[imagesource: SWNS]
Double murderer Ian Stewart was given a rare whole-life prison sentence yesterday.
He was initially convicted for killing his fiancée, children’s author Helen Bailey (the couple are above), and hiding her body in a cesspit of the £1,5 million home they shared in Hertfordshire, southern England.
Now he has been convicted of murdering his first wife, Diane Stewart, six years before he killed Bailey.
When he was arrested, footage showed him shaking his head and accusing the police of “making things up”.
But the murderous man can speak all the nonsense he wishes, in prison, where he will now spend the rest of his wretched life.
The Independent reports that Bailey was 51 when she was murdered by Ian in 2016, likely by suffocation while sedated by drugs, according to a trial at St Albans Crown Court.
He was convicted for that murder one year later, after which police investigated the 2010 death of Stewart’s first wife with “chilling” similarities:
Ms Stewart’s [below] cause of death was recorded at the time as Sudden Unexplained Death in Epilepsy but on Wednesday a jury of five men and seven women at Huntingdon Crown Court found Stewart guilty of murder. They took less than two days of deliberation.
The judge, Mr Justice Simon Bryan, said the two women’s deaths were in “chillingly similar circumstances”.
He told Stewart: “You successfully passed off a murder as an epileptic fit in the circumstance I have identified playing out an elaborate, and indeed sophisticated, charade over a period of time.

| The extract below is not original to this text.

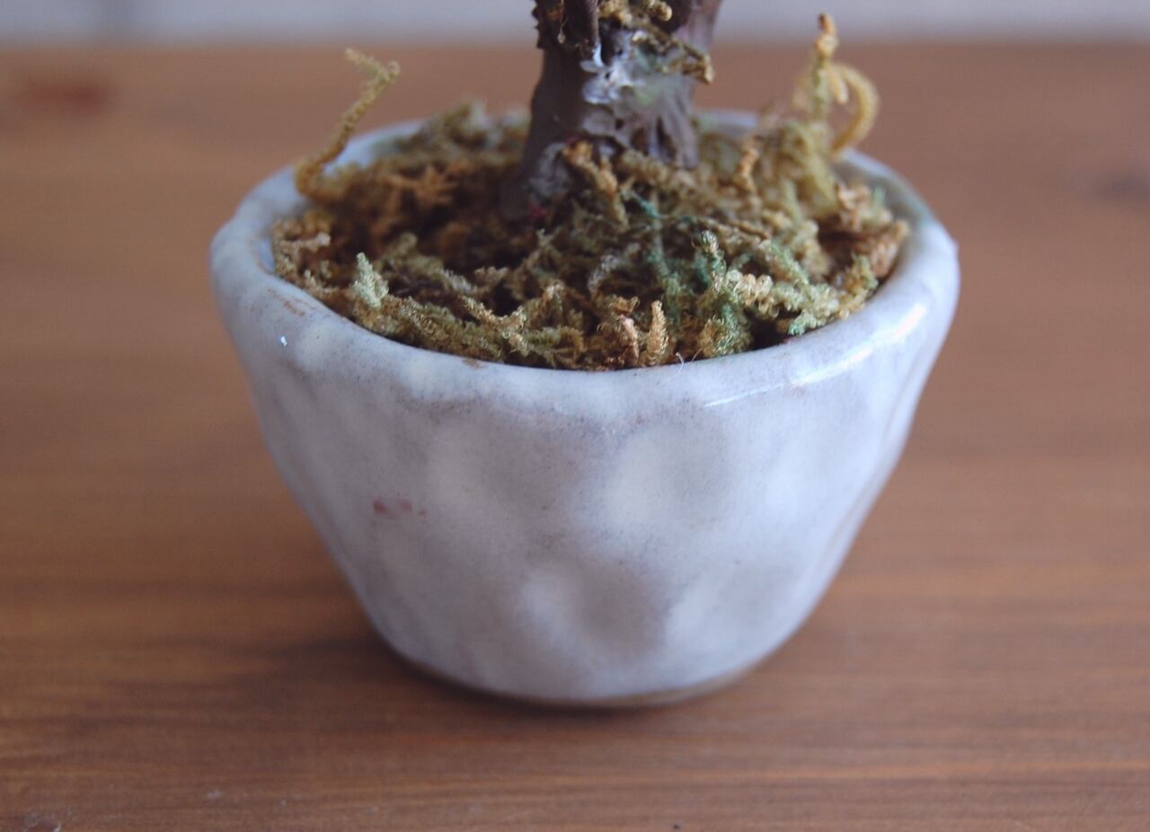 そんな梅を粘土で制作し、梅盆栽に仕上げました。

“A charade that succeeded at the time, and would have succeeded for all time but for your subsequent murder of Helen Bailey.”
What a thing for a judge to admit.
Sadly, Ian’s two sons were a part of the ruse, providing evidence to his claim that he had returned from the supermarket to the family home in Cambridgeshire and found his 47-year-old wife collapsed in the garden with what he thought was an epileptic fit.
But the jurors were told that she had not had an epileptic fit for 18 years and took daily medication.
In fact, her risk of having a fatal epileptic seizure was about one in 100 000, according to the consultant neurologist Dr Christopher Derry.
Furthermore, Mrs Stewart’s brain had been donated to medical science, which neuropathologist Professor Safa Al-Sarraj examined:
Prof Al-Sarraj said there was evidence that Mrs Stewart’s brain had suffered a lack of oxygen prior to her death [“likely caused by a prolonged restriction to her breathing from an outside source”], and he estimated that this happened over a period of 35 minutes to an hour.
The motive? Money.
Ian had apparently received more than £96 000 (almost R2 million) after his wife’s death – £28 500 from a life insurance policy and the rest from bank accounts.
If not for the money, then the judge reasoned it might have been because he was “tired of Diane”.
Side note: How Bailey had no idea about the first murder is quite something, isn’t it?